In high school, I never really got the whole Christmas spirit thing. I was happy to have a break from school, and I of course loved the food and decorations and gifts and trees. It was nice to be able to plow through my reading list, and watch terrible-but-also-amazing Hallmark Christmas movies curled up on the couch with some hot chocolate, and know that it was crisp outside the ever-so-slightly frosted window next to me. But I never did buy in to the whole obsessive Christmas spirit thing that seems to overcome everyone come November. I never really knew why, either. I just sort of wasn’t all that into it. I guess it seemed a little kitschy.
But this year was different. I still didn’t get into the whole obsessive part of the Christmas spirit — you know, wearing Christmas sweaters, red and green everything, sparkly things just because, pom poms and snowflakes and ornaments pasted and hung on anything and everything around you, Michael Buble` and Mariah Carey blasting 24/7, etc. — but I did feel the spirit of it. Not the obsessive excitement. The spirit.
I think after a semester of living a more intentional lifestyle that was founded on prayer and ministry, I was finally able to see the beauty in this season that I had previously closed myself off to, without even knowing it. Entering the season of Advent, even through the midst of the hardest finals I’ve ever taken and two different illnesses at the same time, I felt something reborn in my heart. I felt the anticipation of Christ’s birth start to grow in me, and I saw how that began to affect my demeanor and my disposition. I was more at peace. I was happier in a simple, small place within me that I knew touched every thought and action of mine.
This anticipation — this simple, small, quiet happiness — this is the Christmas spirit. This is hope. Hope, the cardinal virtue. Hope, the light that shatters darkness. Hope in the promise of the rebirth of Goodness back into this world. Hope that we will all be able to live in His Love again. Hope that He has come to make things new; to dispel evil and doubt; to shatter the hardness of our hearts and reach into the very depths of our soul and show us we are good. And we are loved.
And on this day of Epiphany, when the wise men finally arrived and met Him in the manger, and the Light was finally revealed to the nations, I think of the little drummer boy. I so hope he was real, watching as these strange men bowed down before this brand new baby, and knew that something was up. I so hope that the little drummer boy was real, and that he knew, when seeing what was happening, that this is the Son of God, and the Light of the World.

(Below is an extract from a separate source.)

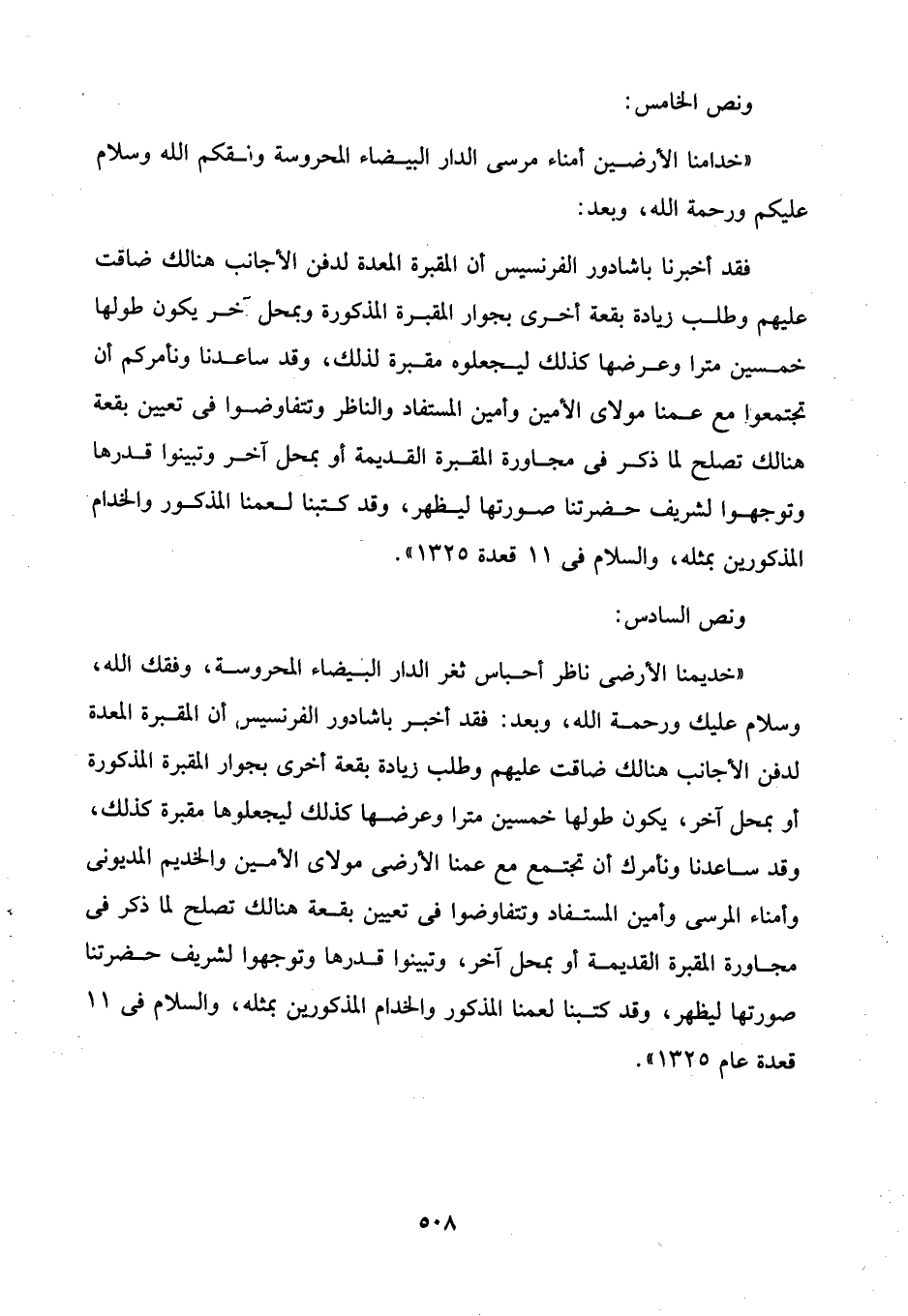 "خديمنا الأرضى ناظر أحباس ثغر الدار البيضاء المحروسة، وفقك الله، وسلام عليك ورحمة الله، وبعد: فقد أخبر باشادور الفرنسيس أن المقبرة المعدة لدفن الأجانب هنالك ضاقت عليهم وطلب زيادة بقعة أخرى بجوار المقبرة المذكورة أو بمحل آخر، يكون طولها خمسين مترا وعرضها كذلك ليجعلوها مقبرة كذلك، وقد ساعدنا ونأمرك أن تجتمع مع عمنا الأرضى مولاى الأمين والخديم المديونى وأمناء المرسى وأمين المستفاد وتتفاوضوا في تعيين بقعة هنالك تصلح لما ذكر في مجاورة المقبرة القديمة أو بمحل آخر، وتبينوا قدرها وتوجهوا لشريف حضرتنا صورتها ليظهر، وقد كتبنا لعمنا المذكور والخدام المذكورين بمثله، والسلام في 11 قعدة عام 1325".

And I so hope that he was real, and that he picked up his drums, and he played. And the God-Child smiled. And he knew he was loved.
I think this is what we all long for, really, in the spirit of Christmas. We hope for His coming; we hope for light and goodness. We hope for love. My heart dances with joy every time I hear the phrase in “The Little Drummer Boy” that says, “I played my drum for him // I played my best for him // then he smiled at me // me and my drum”, because I think that’s what we’re all trying to do when we prepare for Christmas, and then when we celebrate his birth. We make things nice and pretty, we try to behave better, we try to live more charitably and generously, we try to love each other better, and even if it is for silly cultural reasons now (like to get on the nice list) I like to think that really, it’s because we know that He’s here.
And whenever I sing for Him, whenever I talk to Him, whenever I weep on Him, whenever I dance in His love, He smiles.
Because He is revealed to the nations, to manifest a fierce, everlasting, and resounding hope.